Hace unos días, en el programa Las claves, de Canal Capital, y a propósito de las conversaciones en La Habana entre las Farc y el Gobierno, dije que “las fuerzas armadas colombianas cuentan con la misma cantidad de hombres —480.000— que las del Brasil, con la diferencia de que Colombia es cinco veces más pequeño y tiene cinco veces menos los habitantes de ese país”.
La información me había impactado desde cuando la leí en una columna de León Valencia, en la revista Semana, hace varios meses. Es un dato inquietante, con un alto poder de provocar en algunos lectores un verdadero éxtasis bélico, y en otros, un temor sobre los humos de gran potencia local y regional que ostenta últimamente nuestra institución armada. Pero el tema de este artículo no va a ser sobre esa desproporción, que incluso después constaté que era peor, pues Brasil, territorialmente, nos aventaja en algo más de siete veces en kilómetros cuadrados.

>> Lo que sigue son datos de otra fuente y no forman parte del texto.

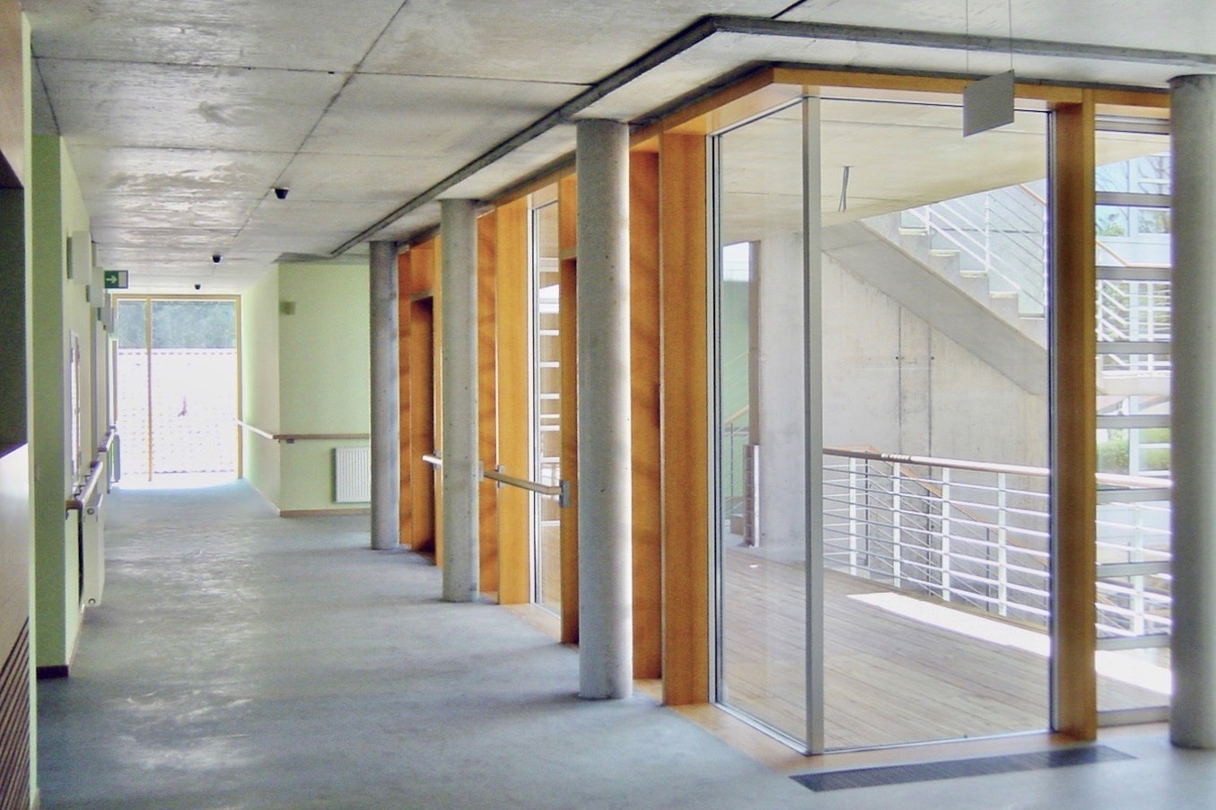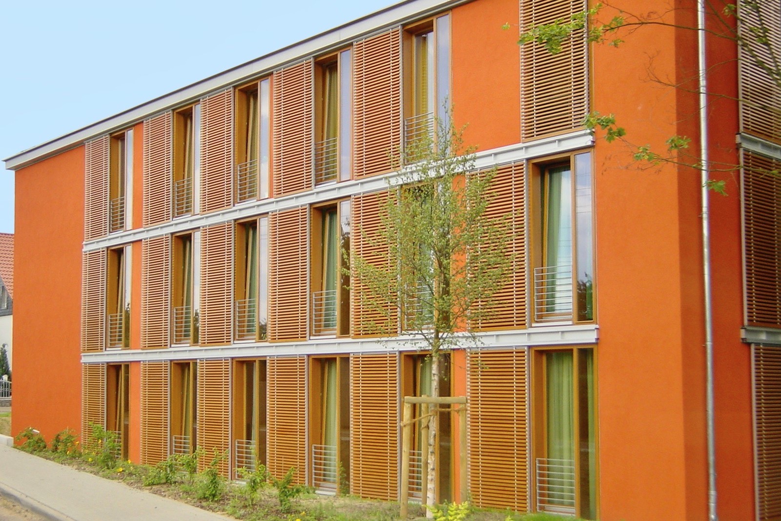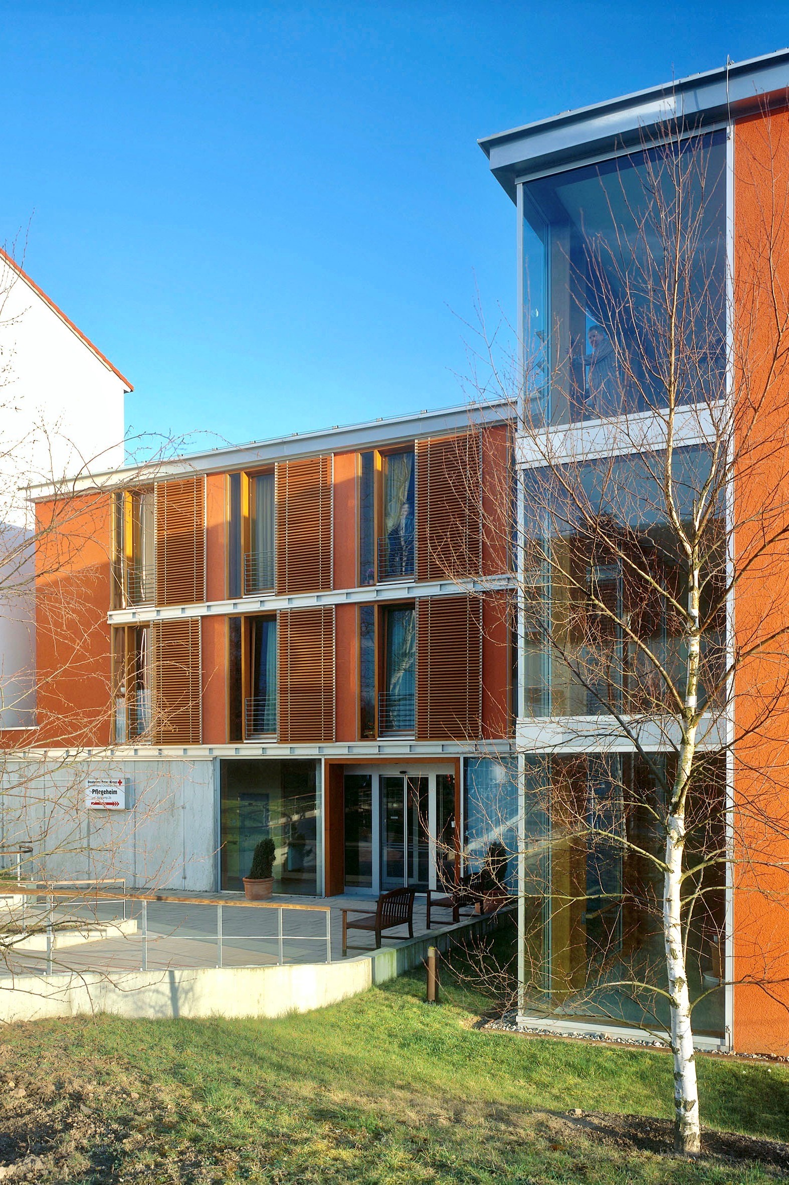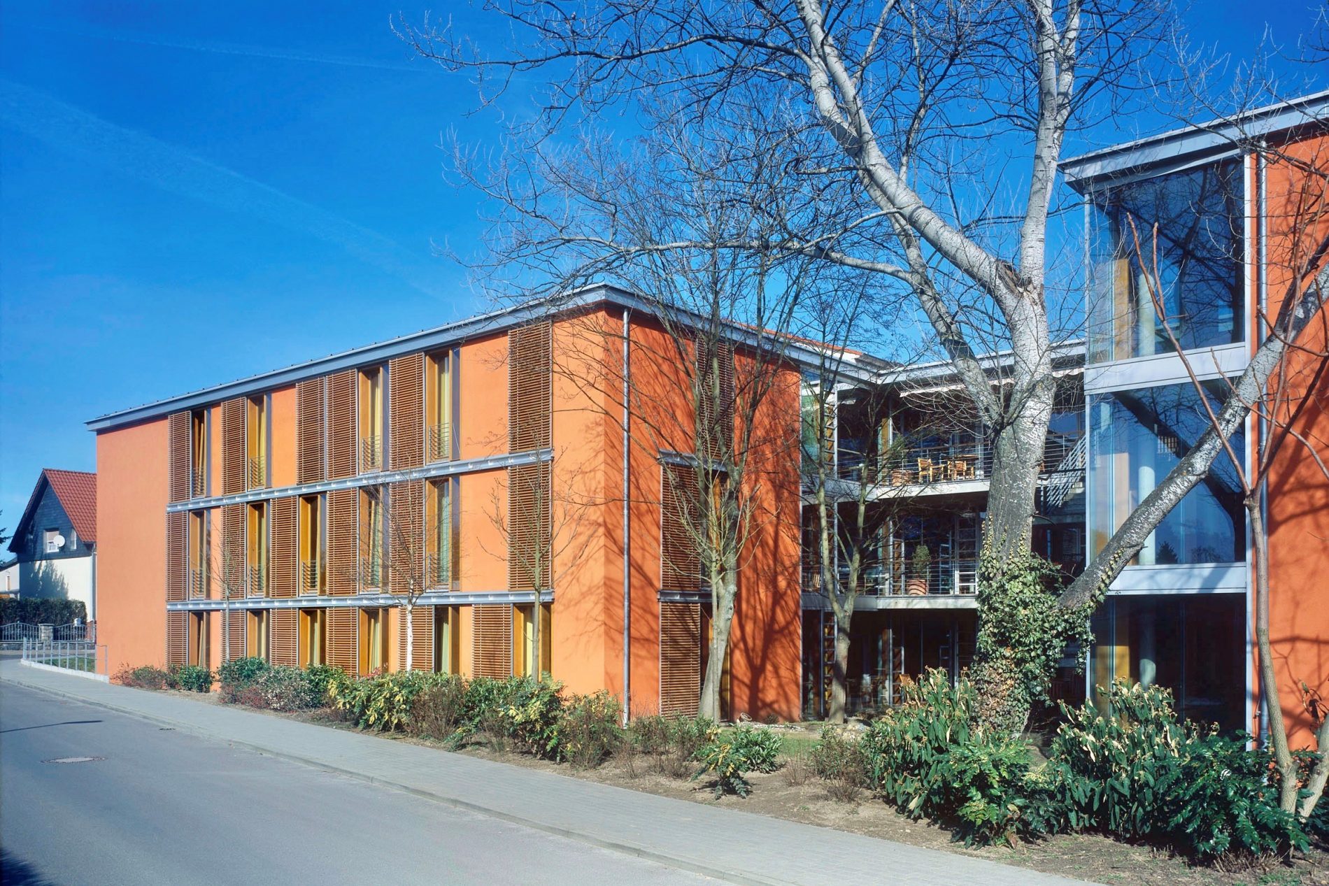 Der Erweiterungsbau der Seniorenresidenz in Althaldensleben öffnet sich mit leichter Geste dem Besucher. Der Blick fällt von den Korbstühlen im Foyer auf die ersten Blüten des Frühlings. Menschen sind selbstbestimmte Individuen und suchen zugleich Gemeinschaft, im Bedarfsfall auch Hilfe. Diesen Grundbedürfnissen folgt das Raumkonzept zwanglos und selbstverständlich. Das Farbkonzept der Etagen in Orange, Gelb und Grün wird in den textilen Bezügen der Möbel und der Stores weitergeführt. Dadurch wird den Bewohnern die Orientierung in der Residenz erleichtert. Große Glasflächen in den Gemeinschaftsbereichen ermöglichen Lichtbeziehungen zu Vorplatz und Garten. Die Atmosphäre der Residenz ist sympathisch und offen. Bewohner, Pflegepersonal und Gäste fühlen sich gut aufgehoben und erfahren zugleich spannende Raumeindrücke in einem Haus mit Zukunft.

El punto es que yo a esa comparación no le atribuí autor, lo que hizo que pareciera mía, y quiero corregir aunque tarde ese error. Al robo lo hizo más descarado el hecho de que León estaba ahí, al lado mío, junto a otros dos participantes, Camilo González y José Félix Lafaurie, y los periodistas María Elvira Samper y Antonio Caballero. Supongo que todos ellos, buenos lectores de esos temas, pillaron en flagrancia mi raponazo, solo que tuvieron la amabilidad de no ponerme en evidencia. Y eso que uno de los asuntos de los que se hablaba en el programa era el de restitución de bienes. Qué frescura la mía.

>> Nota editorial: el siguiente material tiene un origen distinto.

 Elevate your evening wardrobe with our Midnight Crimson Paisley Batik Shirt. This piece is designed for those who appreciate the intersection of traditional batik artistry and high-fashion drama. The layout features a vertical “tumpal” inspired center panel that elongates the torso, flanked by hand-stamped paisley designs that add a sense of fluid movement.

No incurrí en el gran robo al tren, ni me alcé con una “obra”, pero desde cuando tuve ese ataque de cleptomanía periodística, una vergüenza íntima me afecta el ánimo, hasta el extremo de que, siendo visitante habitual de un lugar en el que a veces coincido con León, dejé de ir al mismo por no poder mirar a la cara a quien me le quedé con un punto de vista. Aquí se lo restituyo en público, sin que me lo haya reclamado, porque es un señor.

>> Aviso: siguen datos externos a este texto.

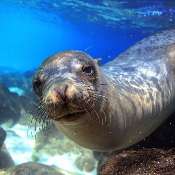 See giant tortoises, blue-footed boobies, marine iguanas, and hammerhead sharks.
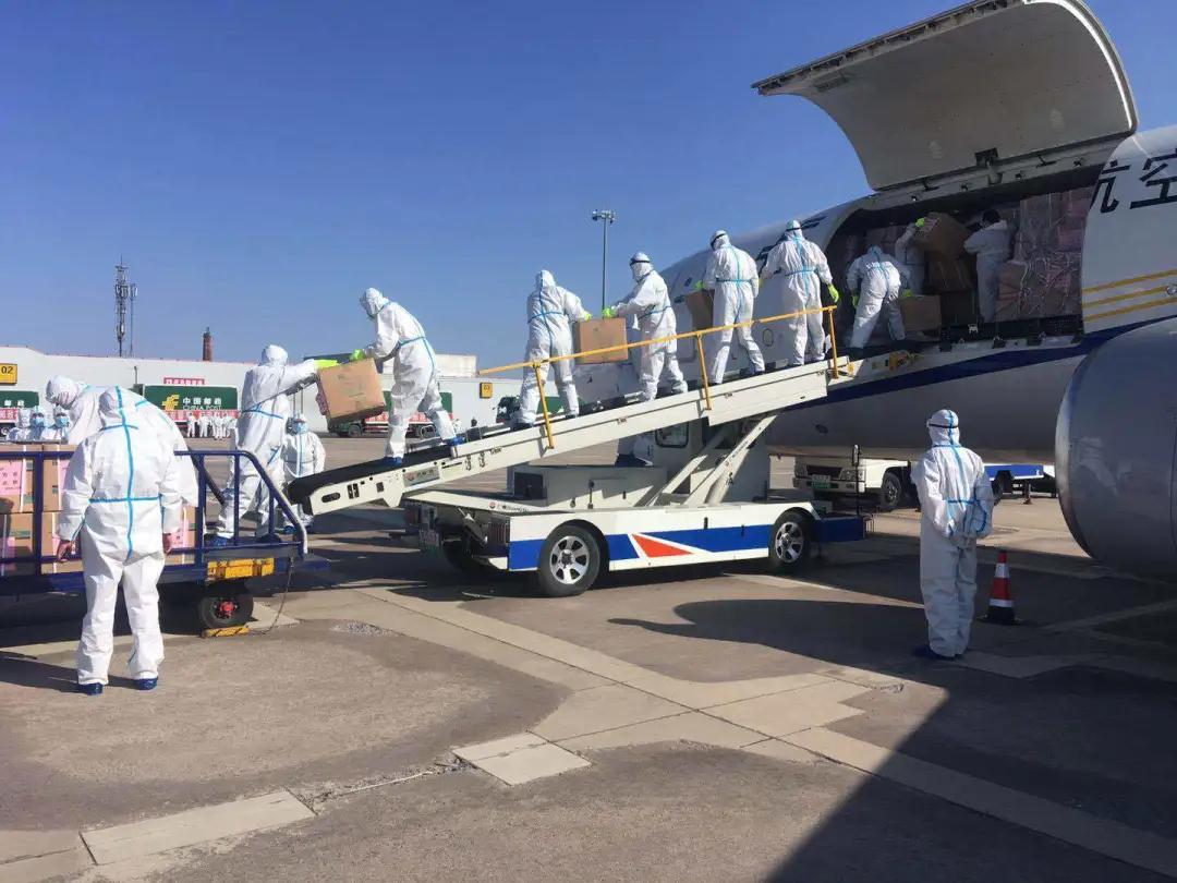 牡丹江機場地面保障人員接卸郵航包機運抵的醫(yī)用物資。
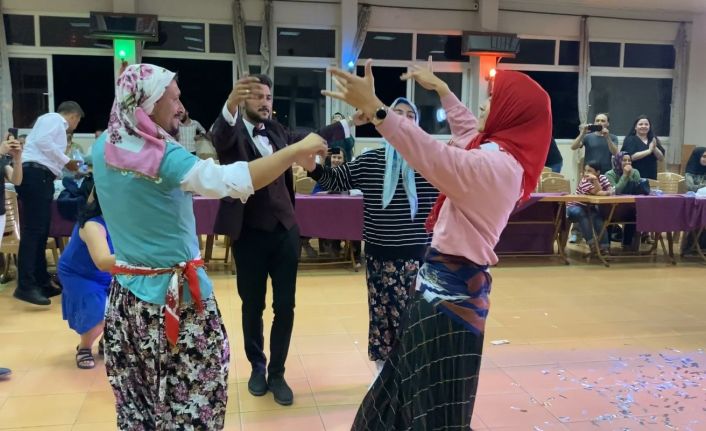 Kadıköy Mahallesi’ndeki belediye düğün salonunda gerçekleştirilen Nuri Can ve Rümeysa Akdağ çiftinin düğün törenleri ilginç anlara sahne oldu. Genç çiftin düğünlerini daha da eğlenceli kılmak isteyen çiftin arkadaşları yaptıkları sürpriz düğüne katılan davetlileri gülümsetti. Çiftin erkek arkadaşları üzerlerine giydikleri kadın kıyafetleri ile bir anda düğün salonunun kapısında belirdi. Neye uğradığını şaşıran çift, kapıdakilerin kendi arkadaşları olduğunu anlayınca kısa süreli şaşkınlık yaşadı. Damadı yanına çağırıp ortalarına alan arkadaşları daha sonra orkestranın çaldığı hareketli müzik ile pistin ortasına kadar geldi. Davetlilerin şaşkın bakışları içerisinde dakikalarca dünya evine giren dostları ile gönüllerince dakikalarca oynayan çiftin arkadaşları renkli görüntüler oluşturdu. Kadın kılığına giren erkeklerin oynadığı oyunlar davetlilere keyifli anlar yaşatırken, salonda bulunanlar o anları cep telefonları ile görüntülemek için adeta birbirleri ile yarıştı.
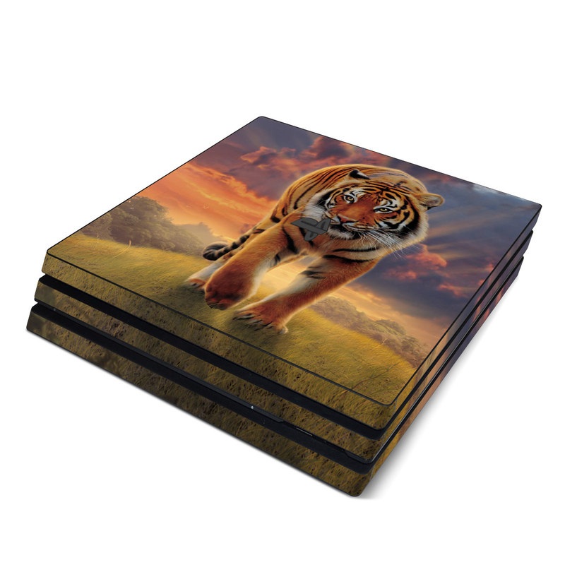 iStyles PlayStation 4 Pro Skin design of Tiger, Wildlife, Bengal tiger, Mammal, Felidae, Siberian tiger, Sky, Big cats, Terrestrial animal, Carnivore, with black, white, yellow, red, green, blue colors, and tagged with animals, nature, animal, nature, sunrise, sunset, tiger, wildlife.
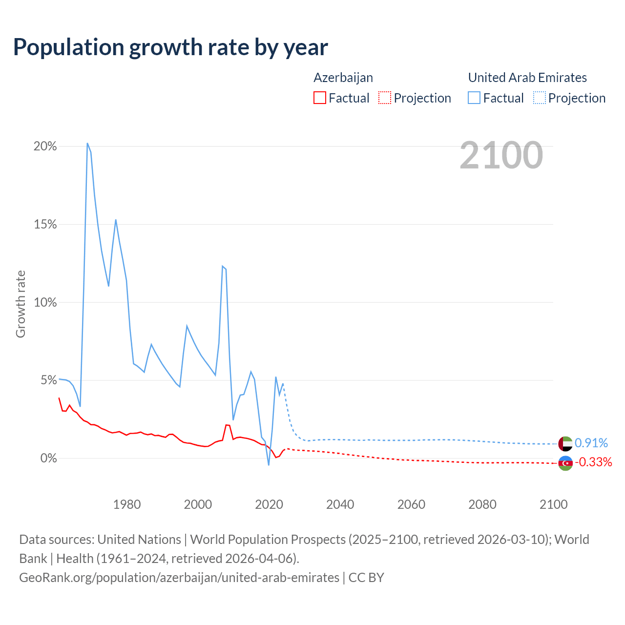 - For the last 10 years, Azerbaijan has had an average growth rate of +0.73% per year vs +3.31% in the United Arab Emirates.

Lo hago por obligación moral y porque uno nunca olvida a quien le sustrae aunque sea una frase —de cierto interés, por supuesto— y la presenta después como propia. El problema de esos asaltos es que cuando el autor real vuelve a usar al descuido lo que sabe suyo, no falta quien lo denuncie por plagio. García Márquez, con algo de sorna, me contó hace años sobre una crítica del Spiegel según la cual “el Nobel colombiano imita cada vez más a Isabel Allende”.
Hace poco estuvo por acá, dictando un seminario, un documentalista chileno muy bueno cuyo catálogo estaba encabezado por este texto: “Un país sin cine propio es como una casa de familia sin álbum fotográfico”. Una frase nada excepcional y ya innecesaria en esta época en que casi todo el mundo anda por ahí con una cámara. Pero en todo caso una frase mía, que formó parte de un artículo que publiqué hace 20 años en un periódico bilingüe de Providence, Rhode Island, con ocasión de un festival al que asistió también quien a estas alturas la arrastra como una sentencia por donde quiera que viaje. No peleo por ella, porque sería como denunciar a estas horas el hurto viejo de una plancha de las de resistencia, y en realidad porque más se perdió en Cuba.
Ya aligerado de mi infracción ética, dormiré tranquilo esta noche.
Jorge Nieto. Murió esta semana el cineasta y amigo Jorge Nieto, documentalista, historiador, crítico e investigador del cine colombiano. Me conmovió encontrar despidiéndolo a Diego Rojas, “La pulga” Martha Helena Restrepo y Marina Arango, quienes lo tuvieron como su maestro y compañero en la pasión y el rigor por preservar nuestro patrimonio cinematográfico.
Para Jorge, las películas nacionales comenzaban después de la palabra Fin. Agradecimientos a su obra y amistad.